L’impression qui se dégage du graphique, et plus encore peut-être de la carte, est celle d’une colonie dont le recrutement dépasse largement les limites régionales. Les quelques enfants nés ou dont les parents demeurent encore à l’étranger le confirment. S’ils sont peu nombreux (2 %), ils montrent une certaine diversité : dix Suisses, quatre résidents algériens, deux Belges, un Espagnol, un Italien, un Irlandais, un Américain et un Monégasque 637 .

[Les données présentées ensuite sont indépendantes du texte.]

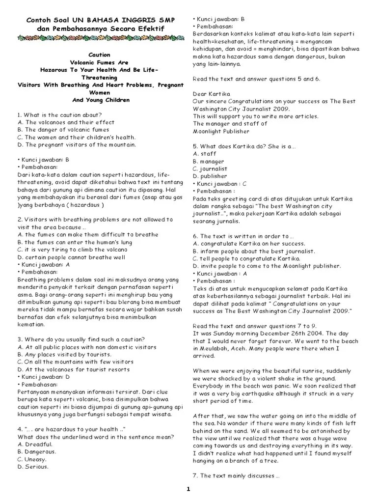 Dsn buku bank soal ujian nasional bahasa inggris smp 1000 soal latihan. Top score bahasa inggris untuk smp kelas 7 8 9 materi dan latihan soal lengkap onet . Berikut ini adalah soal soal hots unbk mapel bahasa inggris kelas ix smp. You prove yourself the underlined work has the closest meaning to. Contoh soal ujian sekolah us bahasa inggris ini untuk membantu belajar peserta didik kelas 9 smp dalam menghadapi ujian sekolah tahun .

Tout se rejoint donc : la bonne opinion des autorités, et pas seulement locales, et des services officiels, l’insertion dans un réseau d’œuvres privées, les publications dans quelques guides, pour faire de Saint-Genest une colonie qui conserve un recrutement local important 638 , mais dont on peut dire qu’elle a eu une audience nationale, et même un petit peu plus. Et il est vraisemblable que pour l’essentiel, cette extension du recrutement est due à l’activité du père Cœur, qui se déplace, voyage, invite, mais aussi fait sortir ses colons hors des murs de la colonie à de nombreuses occasions et qui, par les constructions et aménagements qu’il a décidés, a permis dans le même temps de diversifier les activités proposées aux enfants.

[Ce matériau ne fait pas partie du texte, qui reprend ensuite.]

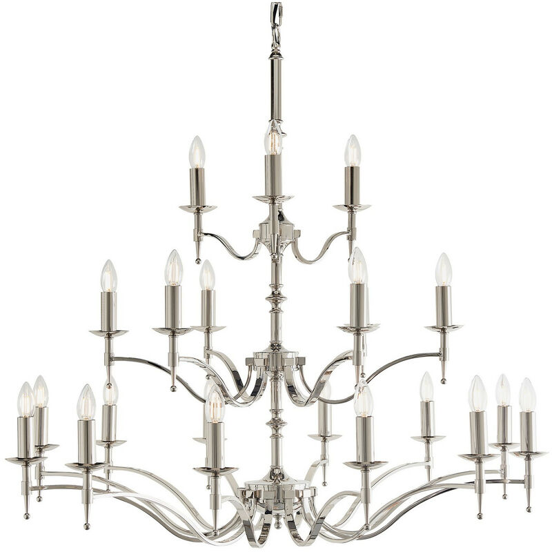 Interiors - Lampadario a 21 luci con finitura in nichel lucido, E14 | Finitura: nichel lucido | Classificazione IP: IP20 | Altezza (cm): 400 | Altezza min (cm): 110 | Altezza massima (cm): 400 | Diametro (cm): 108 | Numero di luci: 21 | Tipo di lampada: E14 | Lampadina: incandescente | Dimmerabile: Sì | Potenza (max): 40 | Lampadina inclusa: no

Vers 1895 grâce à lui, Saint-Genest est un établissement important, dont l’étendue du recrutement traduit le renom.

Notes
634.

ADL 85J, onze cent deux fiches. Le registre est sans doute incomplet, puisqu’il ne recense que très peu de boursiers de la Ville, du département ou des services des Enfants assistés, concernant surtout des enfants placés par leur famille ; on peut toutefois le considérer comme un échantillon, dont nous n’aurions pas maîtrisé la sélection. Il recoupe pour l’essentiel un carnet manuscrit relevant les entrées et sorties d’enfants jusqu’en 1886, contenant un peu plus de deux cent soixante noms. Contrairement au registre du Montgay fort incertain, celui-ci est pour cette raison plus facilement identifiable comme concernant la colonie ; et du reste il est, lui, resté dans les papiers du père Cœur.

635.

Dans une lettre du 21 février 1906, un père d’élève demande à Cœur de faire en sorte que ses courriers ne portent pas le tampon de Saint-Genest « car à Paris la maison est beaucoup connue comme maison de correction et cela ne fait pas plaisir. »

636.

Georges Ernst, Mon Education feu surveillée, Paris, auteur, Imprimerie Nationale, 1995, 85 p., p. 57 : « Les garçons [reçus à Saint-Jodard, IPES dont l’auteur prend la direction en 1969] viennent de Paris, de Bretagne, d’Alsace ou du Nord, confiés par ceux – il en existe toujours – qui estiment que mettre une grande distance entre l’adolescent perturbé et son milieu de vie constitue le meilleur traitement du conflit en cause. »

637.

Et plus tard : Lisbonne, Moscou, Beyrouth, Bilbao…

638.

Alors qu’à l’inverse, un recrutement exclusivement extérieur serait le signe s’une mauvaise image de marque de l’établissement : les autorités locales ne placent pas chez lui car il fonctionne mal.